🔨 small refactoring to improve branch coverage

include/nlohmann/detail/input/binary_reader.hpp

@@ -408,22 +408,24 @@ class binary_reader
                 // half-precision floating-point numbers in the C language
                 // is shown in Fig. 3.
                 const int half = (byte1 << 8) + byte2;
-                const int exp = (half >> 10) & 0x1F;
-                const int mant = half & 0x3FF;
-                double val;
-                if (exp == 0)
+                const double val = [&half]
                 {
-                    val = std::ldexp(mant, -24);
-                }
-                else if (exp != 31)
-                {
-                    val = std::ldexp(mant + 1024, exp - 25);
-                }
-                else
-                {
-                    val = (mant == 0) ? std::numeric_limits<double>::infinity()
-                          : std::numeric_limits<double>::quiet_NaN();
-                }
+                    const int exp = (half >> 10) & 0x1F;
+                    const int mant = half & 0x3FF;
+                    assert(0 <= exp and exp <= 32);
+                    assert(0 <= mant and mant <= 1024);
+                    switch (exp)
+                    {
+                        case 0:
+                            return std::ldexp(mant, -24);
+                        case 31:
+                            return (mant == 0)
+                            ? std::numeric_limits<double>::infinity()

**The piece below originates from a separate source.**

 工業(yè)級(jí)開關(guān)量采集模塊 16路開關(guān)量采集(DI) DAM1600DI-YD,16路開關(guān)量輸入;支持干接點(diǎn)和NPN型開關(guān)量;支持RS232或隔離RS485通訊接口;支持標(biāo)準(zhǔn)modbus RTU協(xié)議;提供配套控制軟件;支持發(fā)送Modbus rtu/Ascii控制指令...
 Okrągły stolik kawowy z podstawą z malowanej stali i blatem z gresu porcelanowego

+                            : std::numeric_limits<double>::quiet_NaN();
+                        default:
+                            return std::ldexp(mant + 1024, exp - 25);
+                    }
+                }();
                 return sax->number_float((half & 0x8000) != 0
                                          ? static_cast<number_float_t>(-val)
                                          : static_cast<number_float_t>(val), "");

single_include/nlohmann/json.hpp

@@ -6041,22 +6041,24 @@ class binary_reader
                 // half-precision floating-point numbers in the C language
                 // is shown in Fig. 3.
                 const int half = (byte1 << 8) + byte2;
-                const int exp = (half >> 10) & 0x1F;
-                const int mant = half & 0x3FF;
-                double val;
-                if (exp == 0)
+                const double val = [&half]
                 {
-                    val = std::ldexp(mant, -24);
-                }
-                else if (exp != 31)
-                {
-                    val = std::ldexp(mant + 1024, exp - 25);
-                }
-                else
-                {
-                    val = (mant == 0) ? std::numeric_limits<double>::infinity()

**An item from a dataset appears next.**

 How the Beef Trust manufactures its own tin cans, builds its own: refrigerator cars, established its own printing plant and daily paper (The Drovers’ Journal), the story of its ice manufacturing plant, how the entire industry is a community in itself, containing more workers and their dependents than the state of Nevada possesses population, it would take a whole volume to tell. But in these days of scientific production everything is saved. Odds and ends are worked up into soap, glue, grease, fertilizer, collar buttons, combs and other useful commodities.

-                          : std::numeric_limits<double>::quiet_NaN();
-                }
+                    const int exp = (half >> 10) & 0x1F;
+                    assert(0 <= exp and exp <= 32);
+                    const int mant = half & 0x3FF;
+                    assert(0 <= mant and mant <= 1024);
+                    switch (exp)
+                    {
+                        case 0:
+                            return std::ldexp(mant, -24);
+                        case 31:
+                            return (mant == 0)

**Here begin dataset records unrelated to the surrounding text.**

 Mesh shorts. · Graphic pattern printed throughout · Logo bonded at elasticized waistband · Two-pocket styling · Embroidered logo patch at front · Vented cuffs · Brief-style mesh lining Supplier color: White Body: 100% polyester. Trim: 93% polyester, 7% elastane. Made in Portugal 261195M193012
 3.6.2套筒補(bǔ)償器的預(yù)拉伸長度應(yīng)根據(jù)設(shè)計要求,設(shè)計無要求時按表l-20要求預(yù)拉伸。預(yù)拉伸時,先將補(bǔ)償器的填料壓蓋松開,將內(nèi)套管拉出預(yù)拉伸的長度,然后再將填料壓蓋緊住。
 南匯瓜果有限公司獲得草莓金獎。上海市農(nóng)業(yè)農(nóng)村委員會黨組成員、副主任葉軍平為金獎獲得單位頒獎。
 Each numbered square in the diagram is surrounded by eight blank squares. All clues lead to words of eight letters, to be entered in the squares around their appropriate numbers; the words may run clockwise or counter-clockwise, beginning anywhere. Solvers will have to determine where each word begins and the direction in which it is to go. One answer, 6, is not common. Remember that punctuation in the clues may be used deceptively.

+                            ? std::numeric_limits<double>::infinity()
+                            : std::numeric_limits<double>::quiet_NaN();
+                        default:
+                            return std::ldexp(mant + 1024, exp - 25);
+                    }
+                }();
                 return sax->number_float((half & 0x8000) != 0
                                          ? static_cast<number_float_t>(-val)
                                          : static_cast<number_float_t>(val), "");